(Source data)
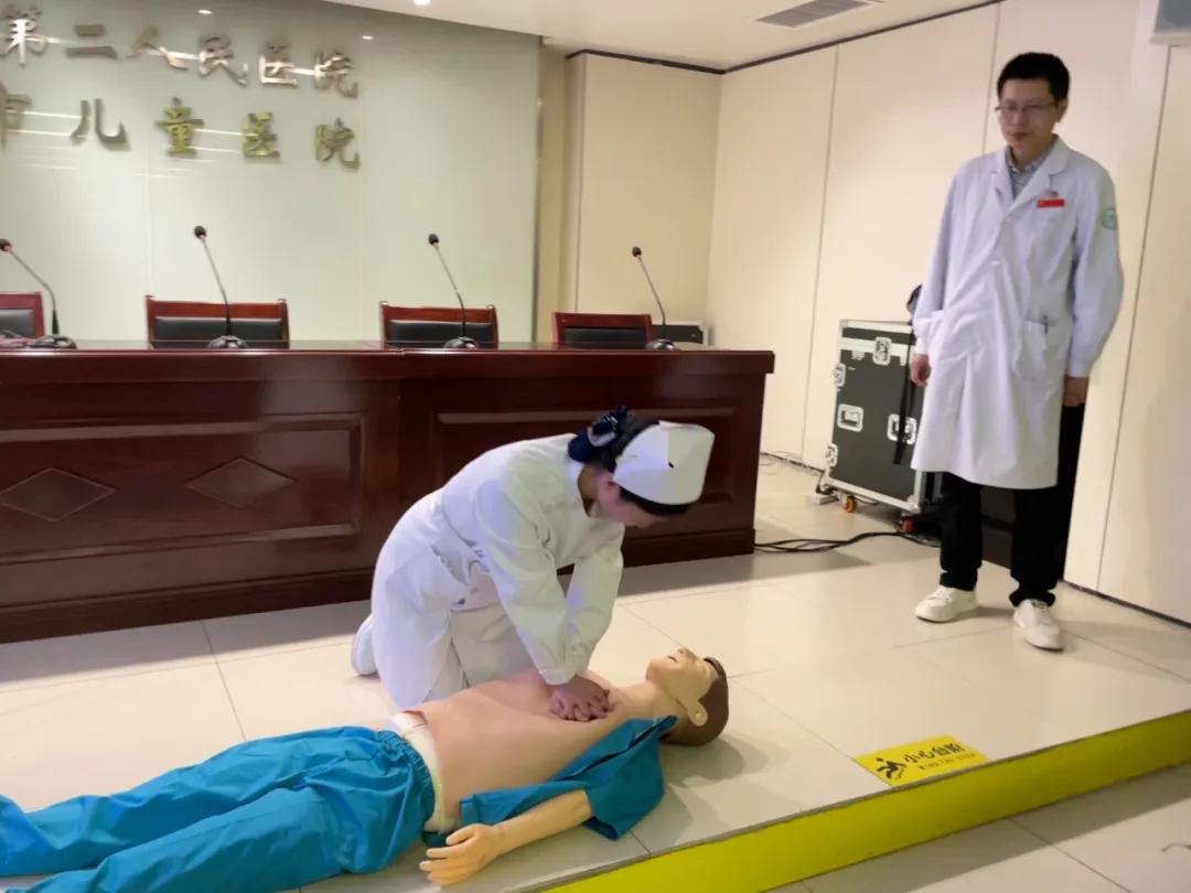 原野醫(yī)生著重介紹了胸痛患者的院內(nèi)緊急救治程序及心肺復(fù)蘇術(shù)的三個(gè)核心步驟,并借助模型人進(jìn)行了細(xì)致、規(guī)范的現(xiàn)場(chǎng)演示,同時(shí),他對(duì)心肺復(fù)蘇術(shù)進(jìn)行了深入指導(dǎo),展示了急救的完整過(guò)程,讓急救知識(shí)更加直觀易懂。經(jīng)過(guò)本次培訓(xùn),導(dǎo)診工作人員掌握了急救相關(guān)知識(shí)和操作技能,為積極參加急救行動(dòng)增強(qiáng)了信心。
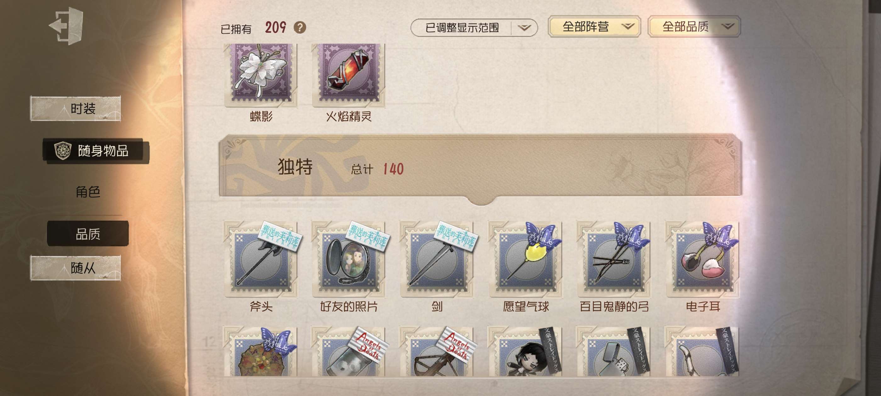 随身物品:
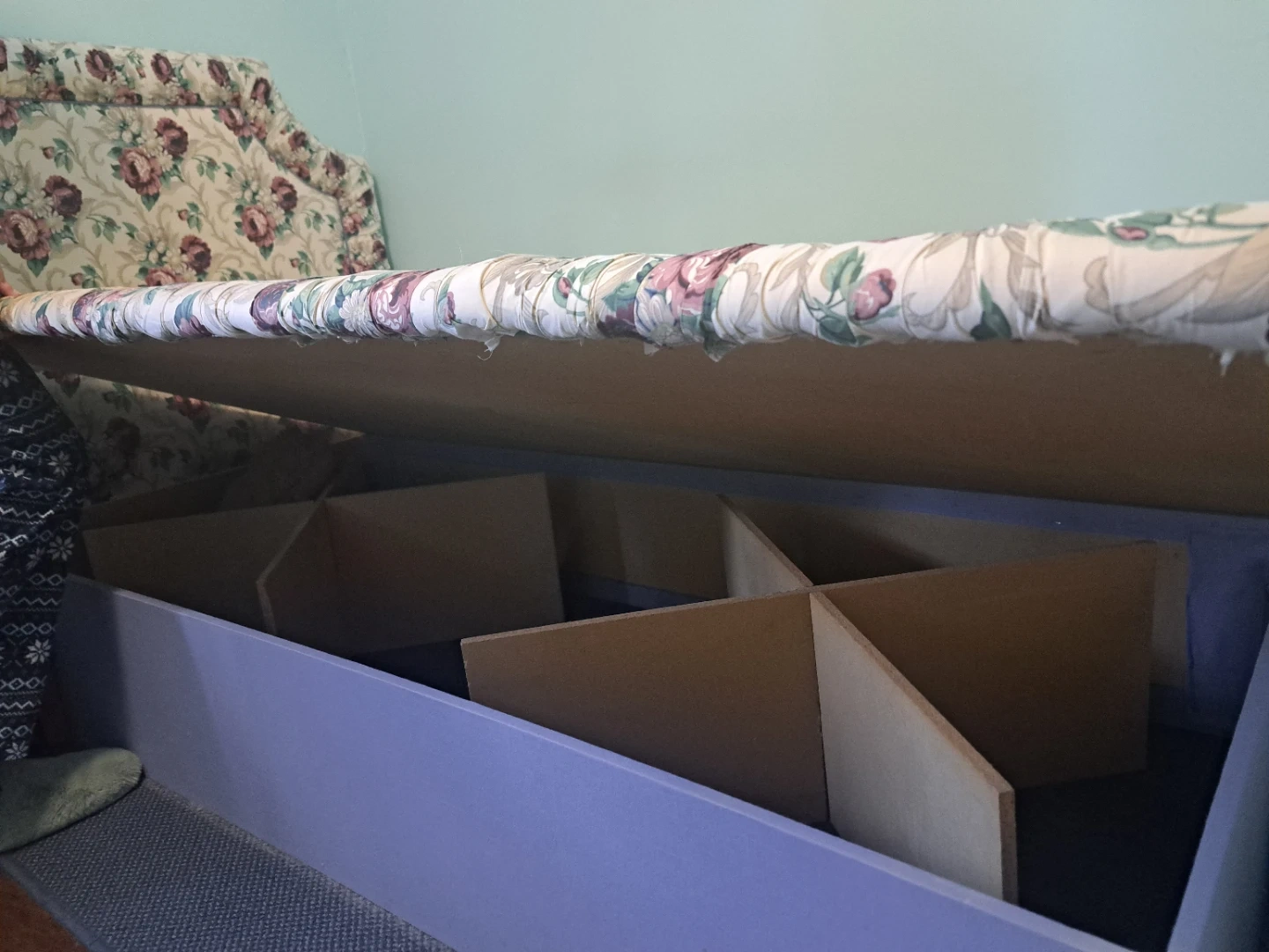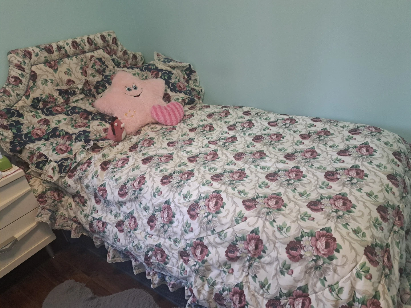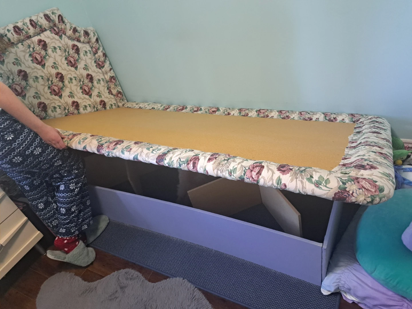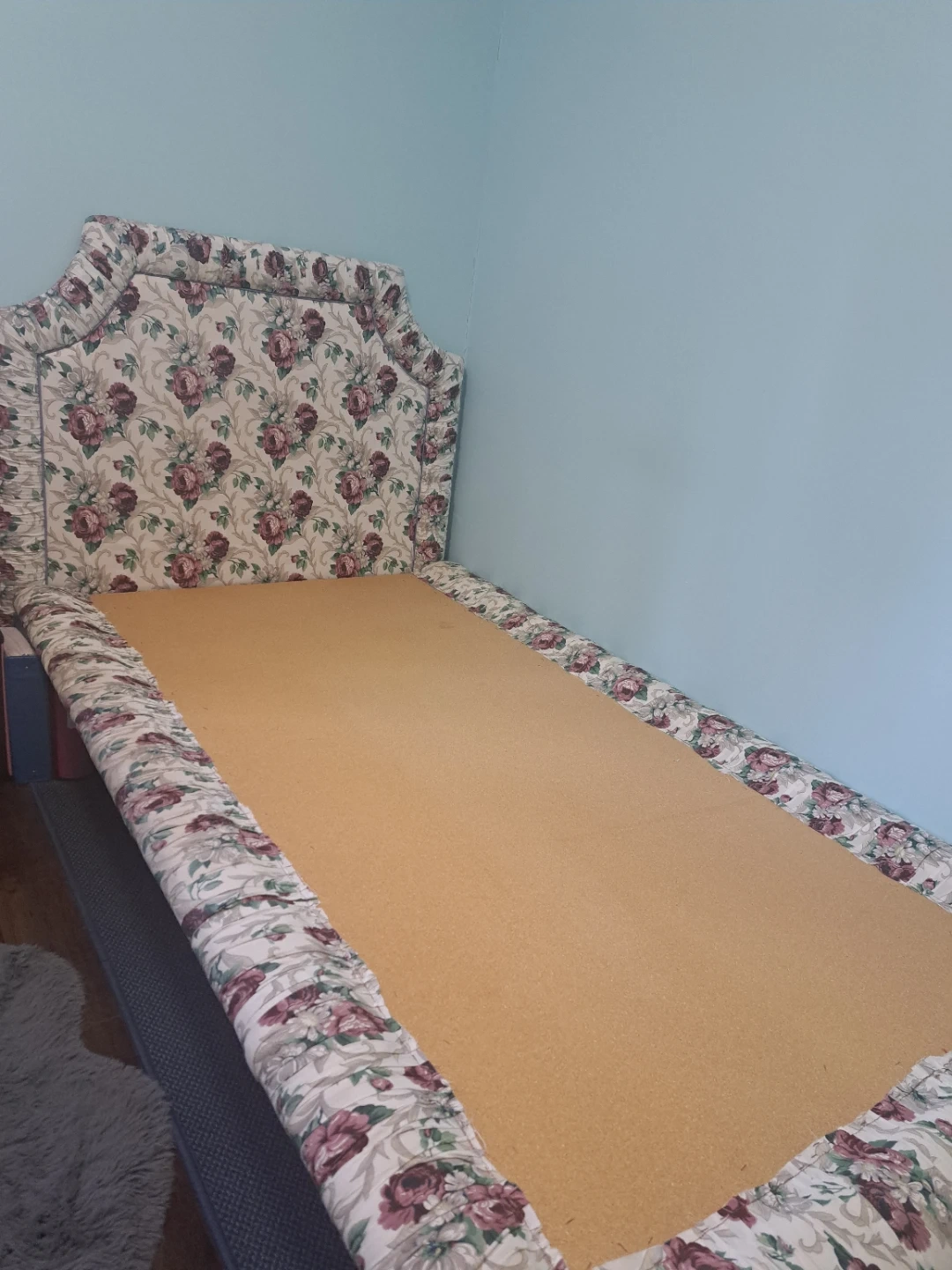 Twin bed frame for sale (mattress not included). No boxspring needed, platform bed, very sturdy. All homemade. Comes with reversible comforter and pillow shams. Great for a little girl or tween!
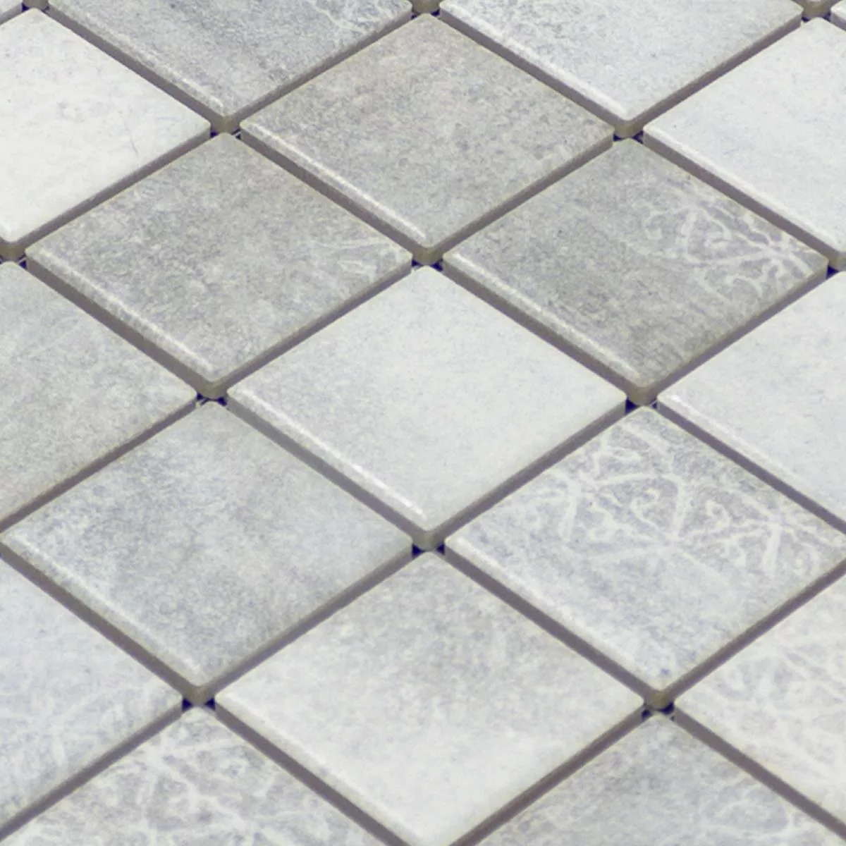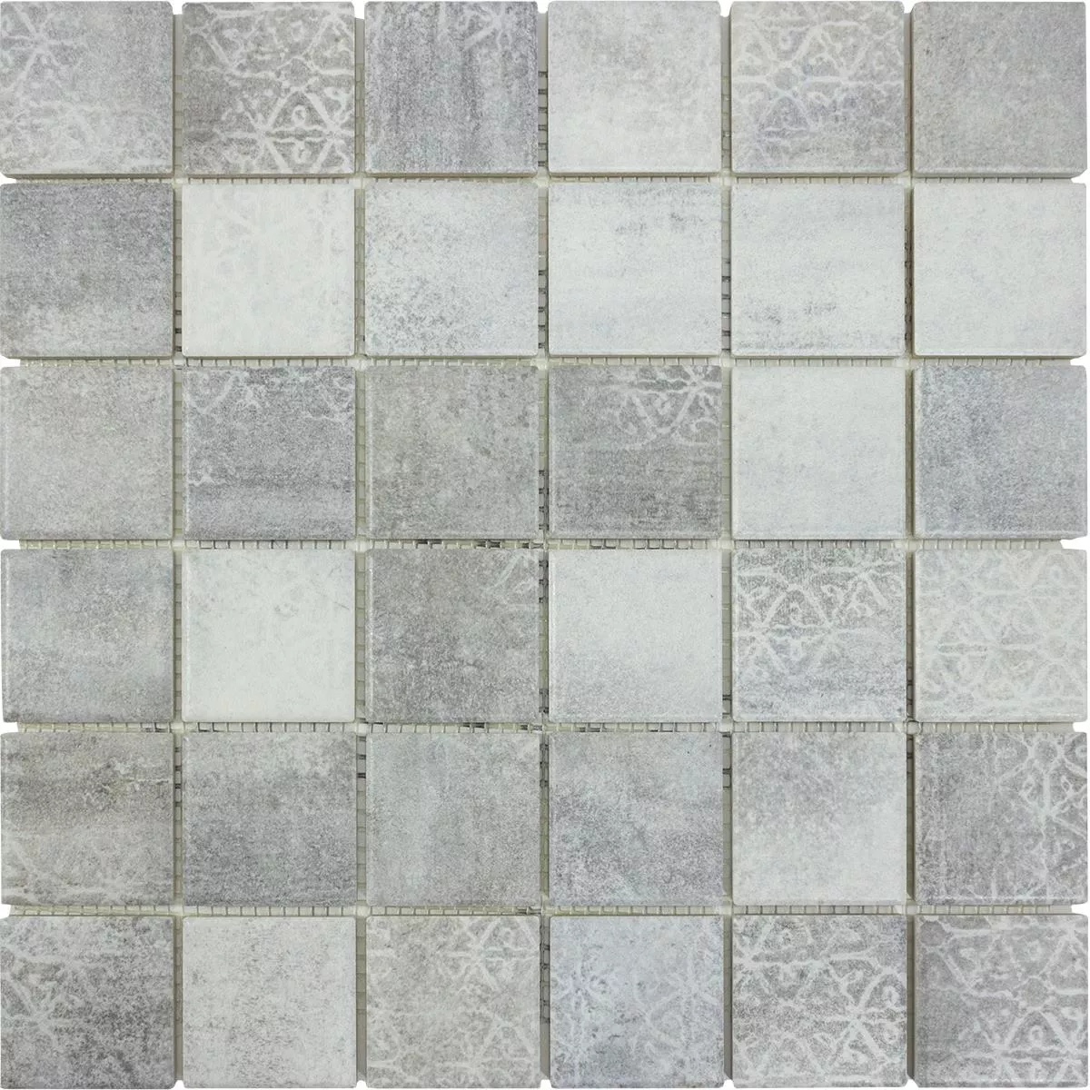 The Sorrento Grey ceramic mosaic tiles are ideal for indoor and outdoor areas. These frost-resistant, square tiles in stone size 47x47mm and a thickness of 6.5mm offer a matt surface with a retro look. Perfect for living rooms, kitchens, bathrooms and showers, they are suitable as both wall and floor tiles.
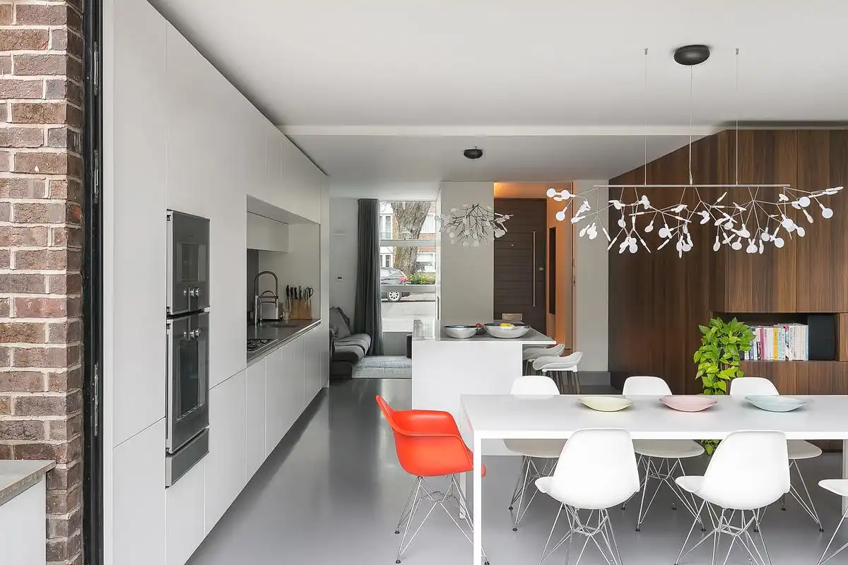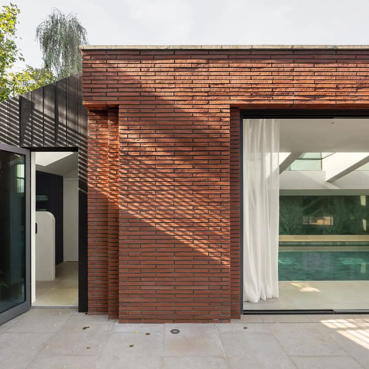 Due to the proximity of the surrounding mature trees, the pavilion is built on pile foundations. Handmade bricks were chosen for the external walls to harmonise with the rear façade of the main house, and the. Their characteristic length, variation and surface movement – a result of varying firing temperatures – emphasises the diverse textures and shades. The choice of brick is also a nod to a traditional brick folly, detailed here in a contemporary way.
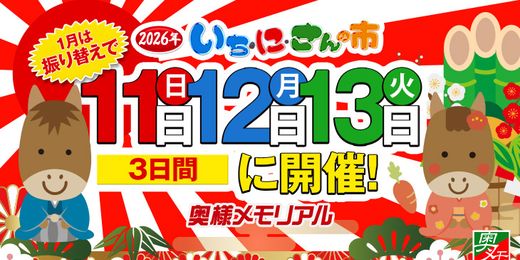 ★★2026年1月は11日・12日・13日開催!オクメモいち・に・さんの市★
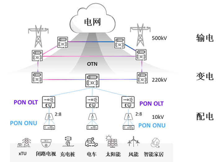 圖3:展示了POL網(wǎng)絡(luò)架構(gòu)及PON設(shè)備在整張電網(wǎng)中的位置。
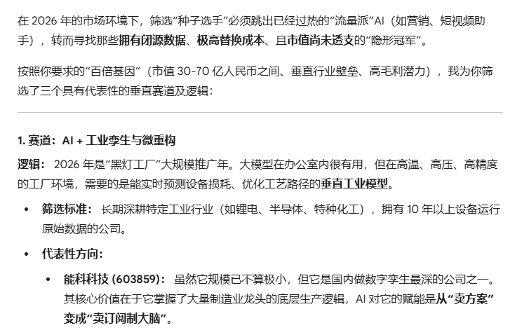AI应用+军工+航天+具身智能+毛利大于50%,百倍股。AI说这是百倍股我才买的
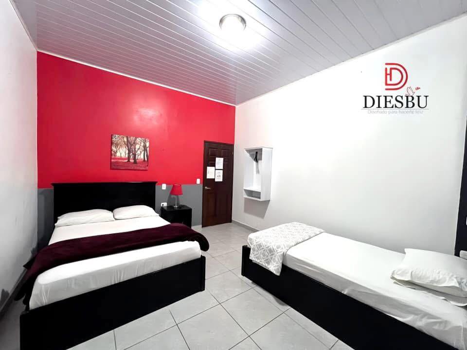 Amplia habitación provista de dos camas grandes, TV pantalla plana con cable, aire acondicionado, caja de seguridad y baño privado. Se puede incluir una nevera bajo pedido según disponibilidad.
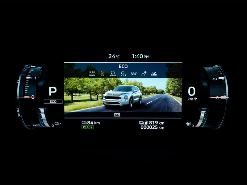 The new Outlander Plug-in Hybrid EV system automatically switches between electric and hybrid petrol power to deliver incredible on-demand performance and outstanding efficiency.

Your objective
Give back exactly the lines above from the one with "Twin bed frame" through the one with "The Sorrento Grey", both included. Pictures don't belong in the copy.

Your response
 Twin bed frame for sale (mattress not included). No boxspring needed, platform bed, very sturdy. All homemade. Comes with reversible comforter and pillow shams. Great for a little girl or tween!
 The Sorrento Grey ceramic mosaic tiles are ideal for indoor and outdoor areas. These frost-resistant, square tiles in stone size 47x47mm and a thickness of 6.5mm offer a matt surface with a retro look. Perfect for living rooms, kitchens, bathrooms and showers, they are suitable as both wall and floor tiles.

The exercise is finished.